As pessoas que ficam
Quantos rostos diferentes já passaram diante dos nossos olhos? Quantas faces até hoje, até agora a pouco, foram visualizadas por nossas retinas e guardadas ou descartadas pela memória? Provavelmente, milhares. Milhares de indivíduos já foram o foco da nossa visão.
Dentre tantos, muitos ficaram por muito mais tempo que a olhada fugaz durante uma caminhada no centro da cidade, um passeio de carro, uma ida ao supermercado, um serviço religioso, uma visita ao hospital, etc. Muitos conviveram semanas, meses e anos conosco: na família, na vizinhança, no trabalho, na escola, etc. Muitos compartilharam conosco suas rotinas, seus afazeres, suas idas-e-vindas existenciais. Muitos, até, foram íntimos da nossa vida particular, conhecendo nossos atinos e desatinos.
Porém, faça aí as devidas contas, foram poucos os que ficaram. O passar do tempo vai filtrando as pessoas, vai afunilando as quantidades para manter as qualidades. Os grupos, em geral, sobretudo os de amigos, começam grandes (como nos cursos universitários mais árduos) e, conforme o tic-tac monótono do relógio e a fúria giratória do calendário, ficam pequenos, reduzidos a um núcleo que efetivamente leva as coisas a sério. A entropia faz questão de esmerilhar aparências objetivas até deixar apenas as essências subjetivas: quem é, fica; quem não é, sai. Conforme as expectativas vão mudando paralelamente aos interesses originais de quem esteve de alguma forma conosco, as companhias mudam.

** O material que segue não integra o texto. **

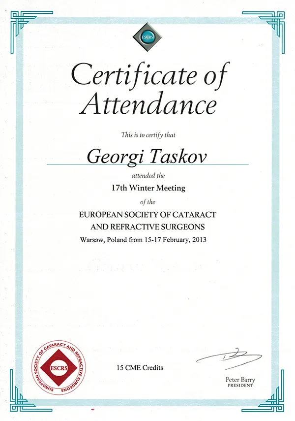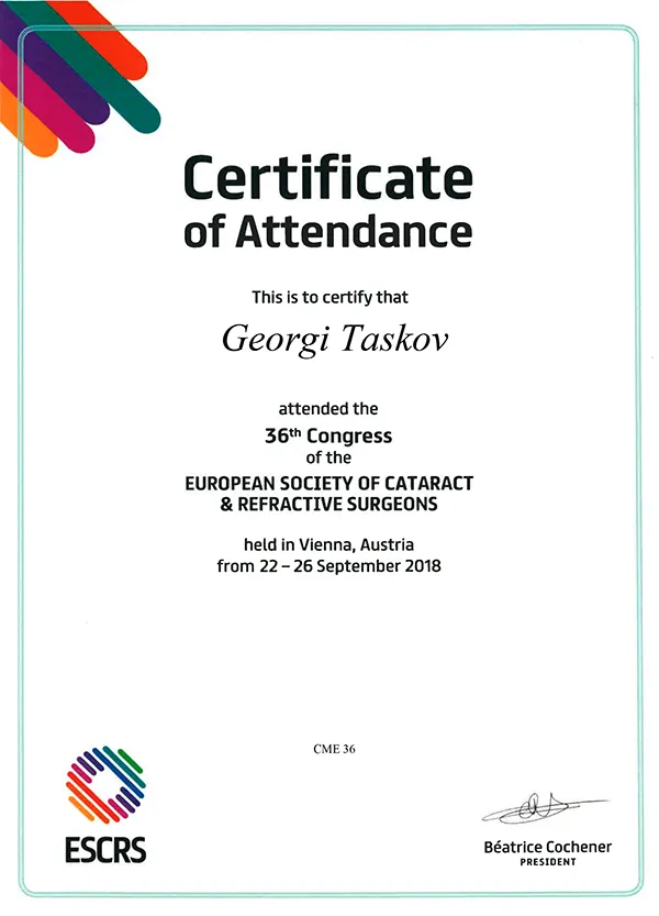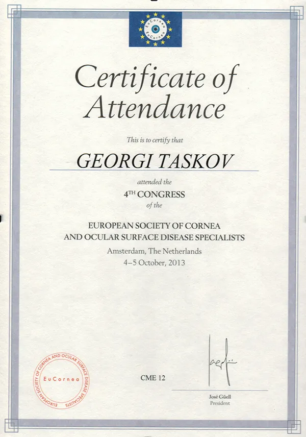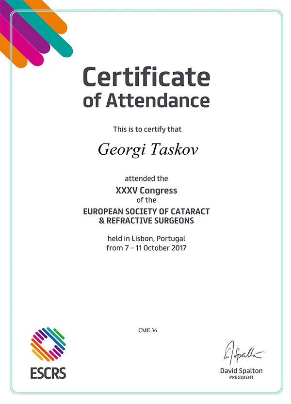 - Модул "Роговица и роговична рефрактивна хирургия" от Европейския университет за задълбочено обучение в офталмологията - 4-8 септември 2017, Лугано

Por isto, ensina a sabedoria popular: “de amigos de verdade você não enche os dedos duma mão”. E na categoria genérica de “amigos” entram também os relacionamentos familiares e amorosos, todos os relacionamentos, reduzindo ainda mais o número de pessoas com as quais podemos efetivamente contar. E só podemos contar, aliás, se podemos contá-las: é fulano, é beltrana, é ciclano... No íntimo, todos sabemos quem é de verdade e quem é de mentira. No âmago, todos fazemos essas contas relacionais.
Qual o saldo disto tudo, desta aritmética de vivências e convivências? A suma, o sumo, é que importam (no sentido perene, permanente) apenas as pessoas que ficam.
São as pessoas que ficam que nos ajudam na árdua tarefa da auto-[re]construção. Se somos obras em andamento, e somos obras em andamento, é necessário dar grande valor a estes verdadeiros “operários do amor” que escolhem estar conosco na edificação, que é mútua, do nosso ser.
Está escrito na Bíblia Sagrada, o livro supremo: “É melhor ter companhia do que estar sozinho, porque maior é a recompensa do trabalho de duas pessoas. Se um cair, o amigo pode ajudá-lo a levantar-se. Mas pobre do homem que cai e não tem quem o ajude a levantar-se! E se dois dormirem juntos, vão manter-se aquecidos. Como, porém, manter-se aquecido sozinho?” (Eclesiastes 4:9-11).
Dê o devido valor às pessoas que ficam.